Once the pictures are set aside, transcribe the remaining data exactly.

********************

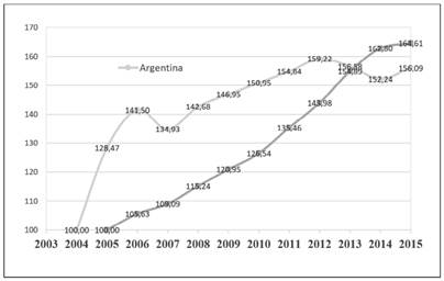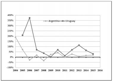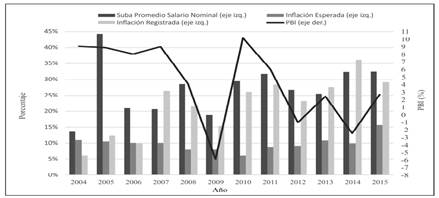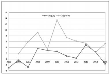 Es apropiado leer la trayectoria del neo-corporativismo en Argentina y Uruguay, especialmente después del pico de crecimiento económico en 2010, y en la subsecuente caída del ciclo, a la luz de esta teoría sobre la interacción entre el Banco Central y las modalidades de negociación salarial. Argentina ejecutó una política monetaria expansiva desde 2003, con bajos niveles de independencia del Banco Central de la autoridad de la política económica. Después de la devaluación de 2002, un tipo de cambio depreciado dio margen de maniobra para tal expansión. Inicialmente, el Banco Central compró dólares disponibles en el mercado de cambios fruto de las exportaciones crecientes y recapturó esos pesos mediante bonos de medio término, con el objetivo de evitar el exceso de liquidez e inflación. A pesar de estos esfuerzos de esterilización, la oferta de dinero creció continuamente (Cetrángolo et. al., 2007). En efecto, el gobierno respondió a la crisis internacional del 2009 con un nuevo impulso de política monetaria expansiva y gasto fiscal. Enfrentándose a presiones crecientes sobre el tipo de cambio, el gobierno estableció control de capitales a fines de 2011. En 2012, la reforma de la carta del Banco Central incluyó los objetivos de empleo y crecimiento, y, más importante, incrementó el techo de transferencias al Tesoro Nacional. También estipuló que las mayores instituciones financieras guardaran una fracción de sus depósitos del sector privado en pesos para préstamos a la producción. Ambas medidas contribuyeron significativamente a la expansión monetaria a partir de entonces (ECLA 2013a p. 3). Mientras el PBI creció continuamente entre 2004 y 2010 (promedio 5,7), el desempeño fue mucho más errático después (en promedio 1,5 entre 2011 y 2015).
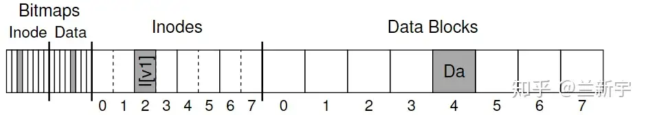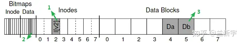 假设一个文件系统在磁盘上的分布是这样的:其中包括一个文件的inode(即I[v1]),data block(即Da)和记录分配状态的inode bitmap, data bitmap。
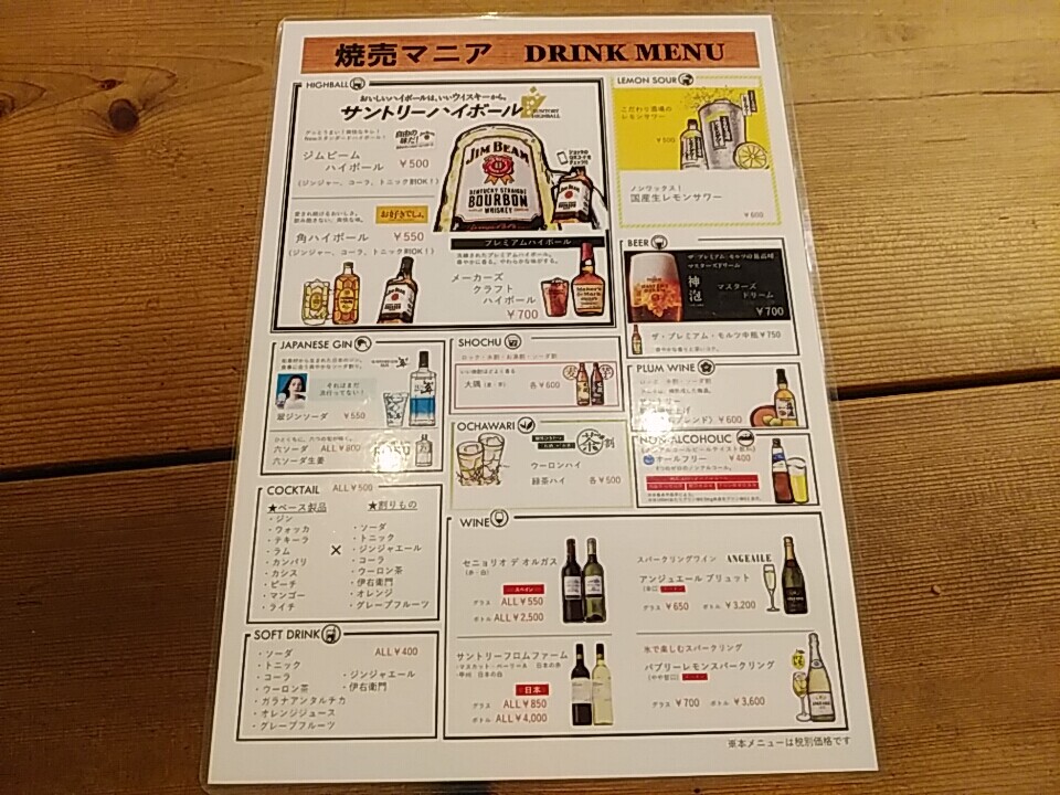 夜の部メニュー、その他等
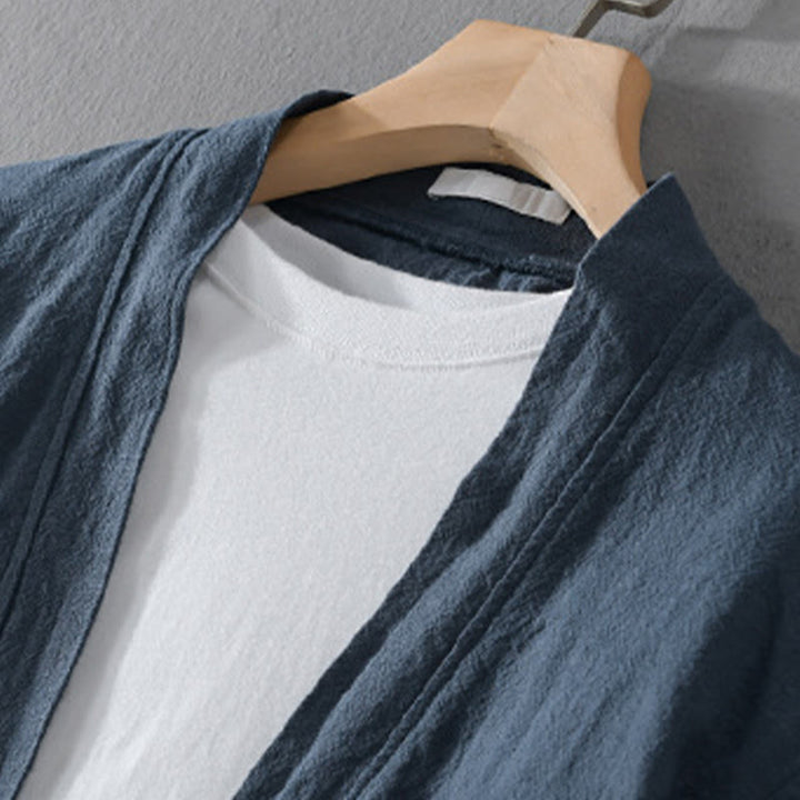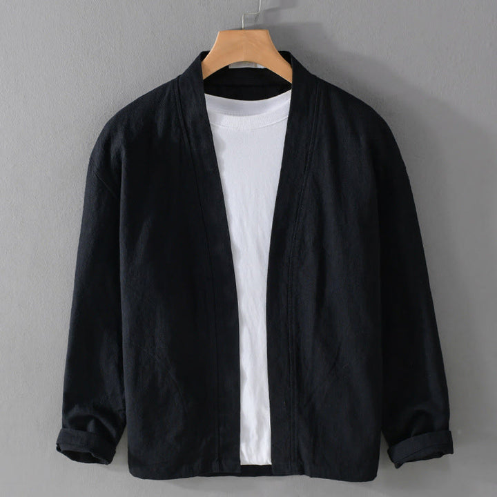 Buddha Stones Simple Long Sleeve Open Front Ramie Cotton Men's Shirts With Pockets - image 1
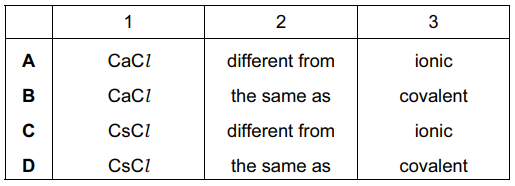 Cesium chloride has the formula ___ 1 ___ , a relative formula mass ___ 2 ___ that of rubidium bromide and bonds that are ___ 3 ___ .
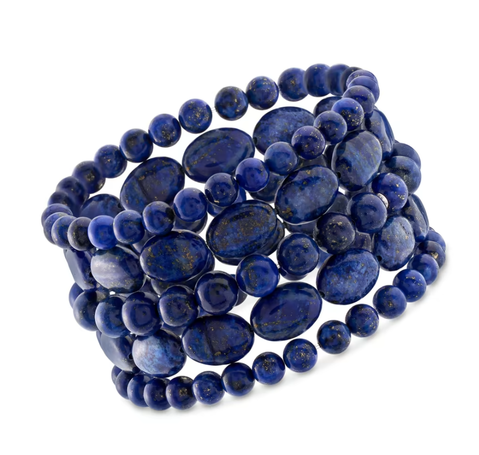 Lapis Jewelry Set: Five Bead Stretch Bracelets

********************

Solution for this exercise:
 Es apropiado leer la trayectoria del neo-corporativismo en Argentina y Uruguay, especialmente después del pico de crecimiento económico en 2010, y en la subsecuente caída del ciclo, a la luz de esta teoría sobre la interacción entre el Banco Central y las modalidades de negociación salarial. Argentina ejecutó una política monetaria expansiva desde 2003, con bajos niveles de independencia del Banco Central de la autoridad de la política económica. Después de la devaluación de 2002, un tipo de cambio depreciado dio margen de maniobra para tal expansión. Inicialmente, el Banco Central compró dólares disponibles en el mercado de cambios fruto de las exportaciones crecientes y recapturó esos pesos mediante bonos de medio término, con el objetivo de evitar el exceso de liquidez e inflación. A pesar de estos esfuerzos de esterilización, la oferta de dinero creció continuamente (Cetrángolo et. al., 2007). En efecto, el gobierno respondió a la crisis internacional del 2009 con un nuevo impulso de política monetaria expansiva y gasto fiscal. Enfrentándose a presiones crecientes sobre el tipo de cambio, el gobierno estableció control de capitales a fines de 2011. En 2012, la reforma de la carta del Banco Central incluyó los objetivos de empleo y crecimiento, y, más importante, incrementó el techo de transferencias al Tesoro Nacional. También estipuló que las mayores instituciones financieras guardaran una fracción de sus depósitos del sector privado en pesos para préstamos a la producción. Ambas medidas contribuyeron significativamente a la expansión monetaria a partir de entonces (ECLA 2013a p. 3). Mientras el PBI creció continuamente entre 2004 y 2010 (promedio 5,7), el desempeño fue mucho más errático después (en promedio 1,5 entre 2011 y 2015).
 假设一个文件系统在磁盘上的分布是这样的:其中包括一个文件的inode(即I[v1]),data block(即Da)和记录分配状态的inode bitmap, data bitmap。
 夜の部メニュー、その他等
 Buddha Stones Simple Long Sleeve Open Front Ramie Cotton Men's Shirts With Pockets - image 1
 Cesium chloride has the formula ___ 1 ___ , a relative formula mass ___ 2 ___ that of rubidium bromide and bonds that are ___ 3 ___ .
 Lapis Jewelry Set: Five Bead Stretch Bracelets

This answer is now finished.